#### Listed records ####

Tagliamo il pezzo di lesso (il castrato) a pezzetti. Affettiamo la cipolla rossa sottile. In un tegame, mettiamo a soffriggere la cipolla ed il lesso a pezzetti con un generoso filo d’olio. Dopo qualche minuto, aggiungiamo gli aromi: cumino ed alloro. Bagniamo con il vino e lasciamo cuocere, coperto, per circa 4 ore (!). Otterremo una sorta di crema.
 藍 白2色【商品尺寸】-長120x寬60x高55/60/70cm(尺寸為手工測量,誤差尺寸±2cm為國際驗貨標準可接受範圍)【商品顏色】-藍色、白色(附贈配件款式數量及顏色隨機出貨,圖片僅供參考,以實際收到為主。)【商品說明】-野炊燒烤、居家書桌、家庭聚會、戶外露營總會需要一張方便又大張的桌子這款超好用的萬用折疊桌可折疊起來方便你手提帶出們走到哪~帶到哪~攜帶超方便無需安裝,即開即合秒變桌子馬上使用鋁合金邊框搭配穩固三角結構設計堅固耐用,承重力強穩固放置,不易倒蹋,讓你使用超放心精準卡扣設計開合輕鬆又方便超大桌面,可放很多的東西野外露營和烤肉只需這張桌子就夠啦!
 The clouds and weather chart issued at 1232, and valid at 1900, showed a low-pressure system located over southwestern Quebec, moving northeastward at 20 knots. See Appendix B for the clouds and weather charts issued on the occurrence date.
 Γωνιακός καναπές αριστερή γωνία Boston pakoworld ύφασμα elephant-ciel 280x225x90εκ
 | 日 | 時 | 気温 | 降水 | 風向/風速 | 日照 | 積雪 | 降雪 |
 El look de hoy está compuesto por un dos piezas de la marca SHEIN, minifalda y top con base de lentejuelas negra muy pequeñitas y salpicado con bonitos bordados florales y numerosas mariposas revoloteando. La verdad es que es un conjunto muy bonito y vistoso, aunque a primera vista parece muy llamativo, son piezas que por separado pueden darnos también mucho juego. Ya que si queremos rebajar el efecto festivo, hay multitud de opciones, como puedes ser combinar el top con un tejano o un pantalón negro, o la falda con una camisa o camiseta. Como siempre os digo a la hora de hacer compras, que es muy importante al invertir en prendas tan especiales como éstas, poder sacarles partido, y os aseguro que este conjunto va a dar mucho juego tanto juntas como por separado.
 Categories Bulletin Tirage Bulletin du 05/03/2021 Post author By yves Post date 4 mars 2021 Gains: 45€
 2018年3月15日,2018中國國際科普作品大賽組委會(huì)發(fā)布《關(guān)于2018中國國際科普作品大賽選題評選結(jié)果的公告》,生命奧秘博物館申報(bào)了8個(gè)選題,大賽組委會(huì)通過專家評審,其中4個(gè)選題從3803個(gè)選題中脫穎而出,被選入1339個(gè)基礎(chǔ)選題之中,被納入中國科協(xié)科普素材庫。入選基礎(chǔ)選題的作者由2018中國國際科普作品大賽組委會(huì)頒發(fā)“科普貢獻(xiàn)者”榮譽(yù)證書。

####

The problem
Copy out the data above word for word, starting at its first line and ending with the line that contains "藍 白2色【商品尺寸】-長1".

Solution to this exercise
Tagliamo il pezzo di lesso (il castrato) a pezzetti. Affettiamo la cipolla rossa sottile. In un tegame, mettiamo a soffriggere la cipolla ed il lesso a pezzetti con un generoso filo d’olio. Dopo qualche minuto, aggiungiamo gli aromi: cumino ed alloro. Bagniamo con il vino e lasciamo cuocere, coperto, per circa 4 ore (!). Otterremo una sorta di crema.
 藍 白2色【商品尺寸】-長120x寬60x高55/60/70cm(尺寸為手工測量,誤差尺寸±2cm為國際驗貨標準可接受範圍)【商品顏色】-藍色、白色(附贈配件款式數量及顏色隨機出貨,圖片僅供參考,以實際收到為主。)【商品說明】-野炊燒烤、居家書桌、家庭聚會、戶外露營總會需要一張方便又大張的桌子這款超好用的萬用折疊桌可折疊起來方便你手提帶出們走到哪~帶到哪~攜帶超方便無需安裝,即開即合秒變桌子馬上使用鋁合金邊框搭配穩固三角結構設計堅固耐用,承重力強穩固放置,不易倒蹋,讓你使用超放心精準卡扣設計開合輕鬆又方便超大桌面,可放很多的東西野外露營和烤肉只需這張桌子就夠啦!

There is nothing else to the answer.